- Chah Mosafer Location within Iran
- Coordinates: 34°37′04″N 57°24′57″E﻿ / ﻿34.61778°N 57.41583°E
- Country: Iran
- Province: South Khorasan
- County: Eshqabad
- District: Kuh Yakhab
- Rural District: Chah Mosafer

Population (2016)
- • Total: 122
- Time zone: UTC+3:30 (IRST)

= Chah Mosafer =

Village in South Khorasan province, Iran

Chah Mosafer (چاه مسافر) is a village in, and the capital of, Chah Mosafer Rural District in Kuh Yakhab District of Eshqabad County, South Khorasan province.

==Demographics==
===Population===
At the time of the 2006 National Census, the village's population was 160 in 47 households, when it was in Kuh Yakhab Rural District of Dastgerdan District (Note: Renamed the Central District of Eshqabad County) in Tabas County, Yazd province. The following census in 2011 counted 130 people in 37 households.
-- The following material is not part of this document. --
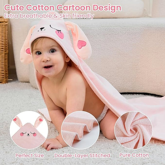 Mooreeke 2 Pack Toddler Towels - 100% Cotton Toddler Hooded Towels - Soft Baby Bath Towel with Hood for Newborn - Comfort Towel for Baby Girls and Boys - Animal Shaped (Lamb & Bunny)

The 2016 census measured the population of the village as 122 people in 35 households, by which time the county had been separated from the province to join South Khorasan province.

In 2024, the district was separated from the county in the establishment of Eshqabad County and renamed the Central District. The rural district was transferred to the new Kuh Yakhab District, and Chah Mosafer was transferred to Chah Mosafer Rural District created in the same district.